Required work:
Transcribe word for word each line from the one containing "The Republican Right" to the final line of the data, both included. Skip the pictures.

Data in this exercise:

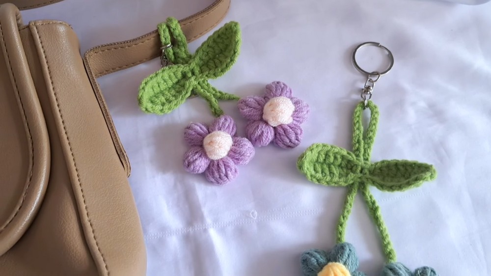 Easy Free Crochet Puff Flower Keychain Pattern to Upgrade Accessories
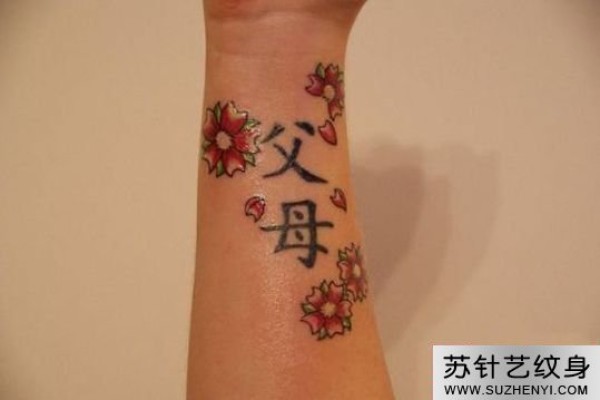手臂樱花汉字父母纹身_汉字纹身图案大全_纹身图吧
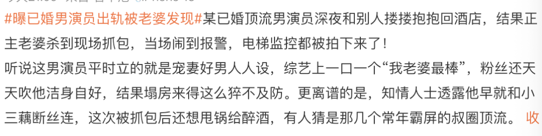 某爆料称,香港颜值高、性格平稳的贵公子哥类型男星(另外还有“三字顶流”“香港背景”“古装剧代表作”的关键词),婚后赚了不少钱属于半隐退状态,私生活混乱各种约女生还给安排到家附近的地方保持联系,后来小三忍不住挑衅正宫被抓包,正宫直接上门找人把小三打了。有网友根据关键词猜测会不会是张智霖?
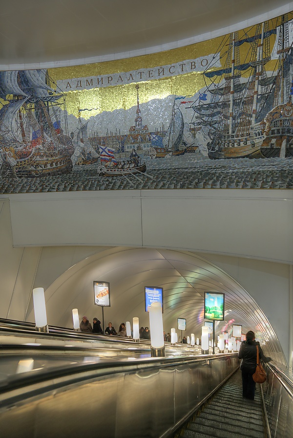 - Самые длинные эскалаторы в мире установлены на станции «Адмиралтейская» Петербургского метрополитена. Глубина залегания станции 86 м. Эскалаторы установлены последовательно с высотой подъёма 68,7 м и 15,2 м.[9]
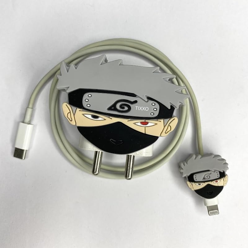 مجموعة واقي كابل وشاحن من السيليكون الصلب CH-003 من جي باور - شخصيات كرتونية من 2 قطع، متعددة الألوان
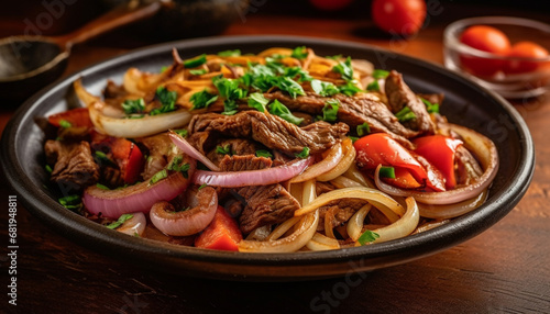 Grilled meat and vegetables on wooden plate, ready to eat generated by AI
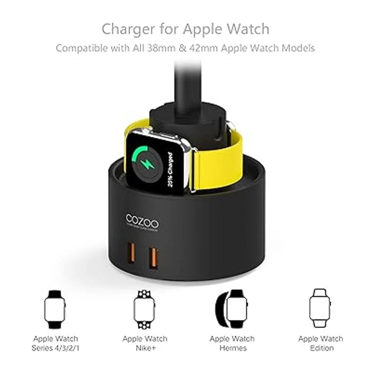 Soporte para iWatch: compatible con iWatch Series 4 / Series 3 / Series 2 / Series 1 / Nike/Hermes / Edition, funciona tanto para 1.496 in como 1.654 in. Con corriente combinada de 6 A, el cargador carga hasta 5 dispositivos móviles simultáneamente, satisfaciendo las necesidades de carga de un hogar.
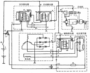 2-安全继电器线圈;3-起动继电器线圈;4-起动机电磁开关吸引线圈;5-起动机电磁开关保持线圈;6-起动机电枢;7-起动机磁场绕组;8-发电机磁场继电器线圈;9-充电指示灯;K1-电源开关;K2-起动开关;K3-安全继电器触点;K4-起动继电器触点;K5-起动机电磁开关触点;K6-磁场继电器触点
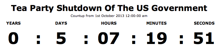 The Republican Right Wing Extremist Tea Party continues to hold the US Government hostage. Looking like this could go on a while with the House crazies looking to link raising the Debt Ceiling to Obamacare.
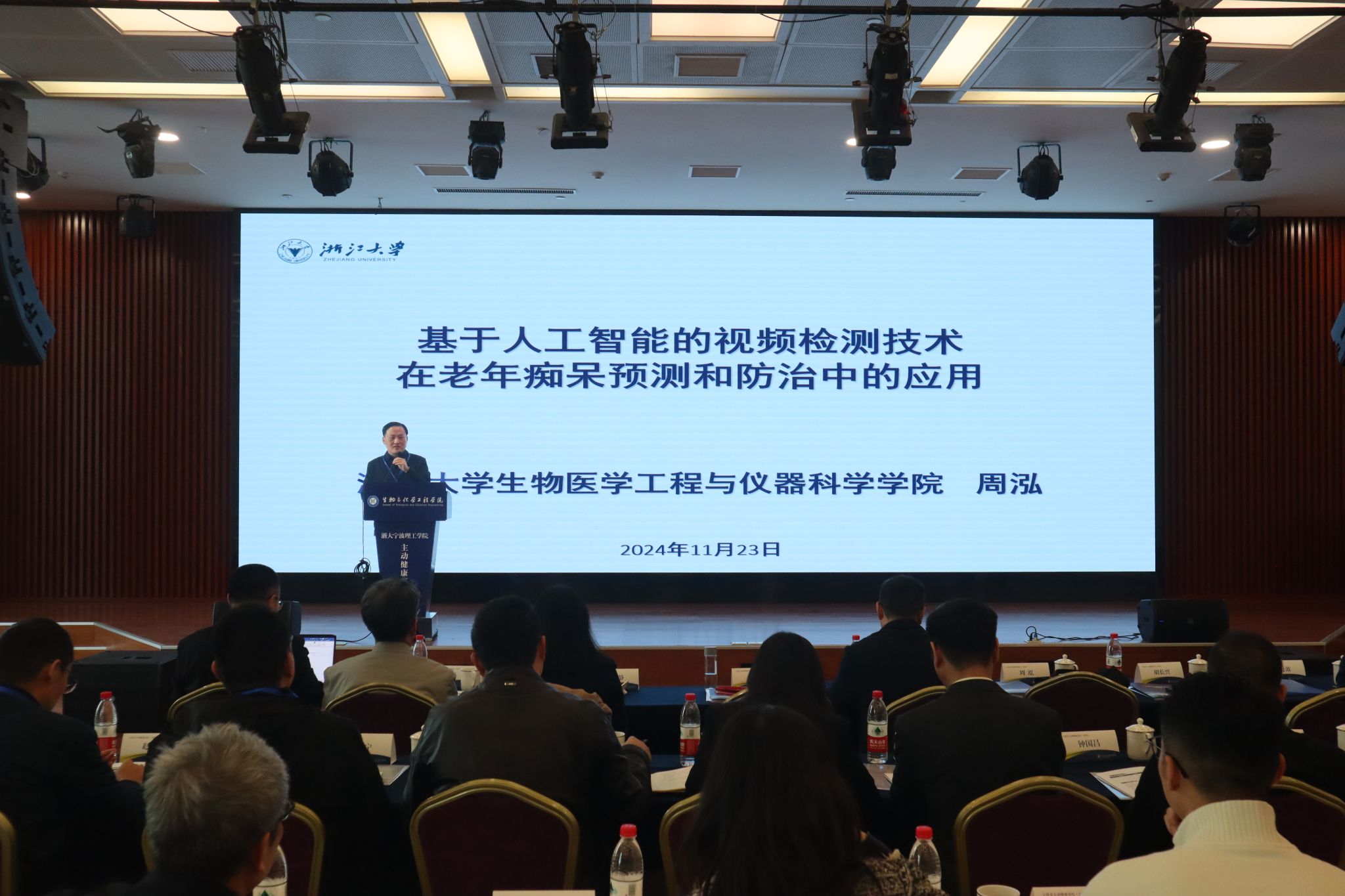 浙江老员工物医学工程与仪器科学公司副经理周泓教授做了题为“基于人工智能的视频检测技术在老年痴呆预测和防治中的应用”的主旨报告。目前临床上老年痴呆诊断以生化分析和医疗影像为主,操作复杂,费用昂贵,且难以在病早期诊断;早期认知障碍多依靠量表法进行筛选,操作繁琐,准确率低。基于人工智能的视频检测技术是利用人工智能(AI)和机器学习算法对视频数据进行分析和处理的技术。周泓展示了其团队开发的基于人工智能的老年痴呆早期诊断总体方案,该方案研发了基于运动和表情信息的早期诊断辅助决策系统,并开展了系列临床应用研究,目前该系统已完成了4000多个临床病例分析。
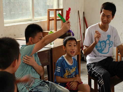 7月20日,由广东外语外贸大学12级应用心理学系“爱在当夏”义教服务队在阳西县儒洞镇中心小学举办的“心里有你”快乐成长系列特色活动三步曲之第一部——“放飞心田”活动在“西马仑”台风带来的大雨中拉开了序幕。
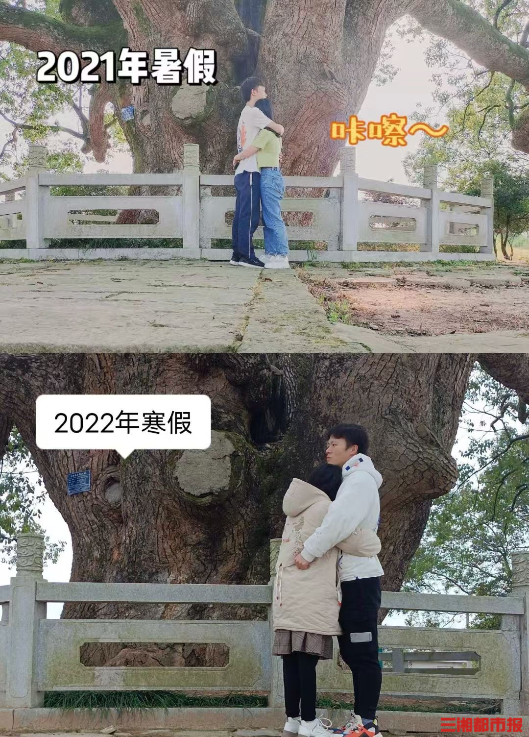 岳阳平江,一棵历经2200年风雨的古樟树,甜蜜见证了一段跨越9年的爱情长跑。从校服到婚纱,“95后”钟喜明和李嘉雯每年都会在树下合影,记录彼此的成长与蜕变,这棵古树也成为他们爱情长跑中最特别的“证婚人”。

Response box:
 The Republican Right Wing Extremist Tea Party continues to hold the US Government hostage. Looking like this could go on a while with the House crazies looking to link raising the Debt Ceiling to Obamacare.
 浙江老员工物医学工程与仪器科学公司副经理周泓教授做了题为“基于人工智能的视频检测技术在老年痴呆预测和防治中的应用”的主旨报告。目前临床上老年痴呆诊断以生化分析和医疗影像为主,操作复杂,费用昂贵,且难以在病早期诊断;早期认知障碍多依靠量表法进行筛选,操作繁琐,准确率低。基于人工智能的视频检测技术是利用人工智能(AI)和机器学习算法对视频数据进行分析和处理的技术。周泓展示了其团队开发的基于人工智能的老年痴呆早期诊断总体方案,该方案研发了基于运动和表情信息的早期诊断辅助决策系统,并开展了系列临床应用研究,目前该系统已完成了4000多个临床病例分析。
 7月20日,由广东外语外贸大学12级应用心理学系“爱在当夏”义教服务队在阳西县儒洞镇中心小学举办的“心里有你”快乐成长系列特色活动三步曲之第一部——“放飞心田”活动在“西马仑”台风带来的大雨中拉开了序幕。
 岳阳平江,一棵历经2200年风雨的古樟树,甜蜜见证了一段跨越9年的爱情长跑。从校服到婚纱,“95后”钟喜明和李嘉雯每年都会在树下合影,记录彼此的成长与蜕变,这棵古树也成为他们爱情长跑中最特别的“证婚人”。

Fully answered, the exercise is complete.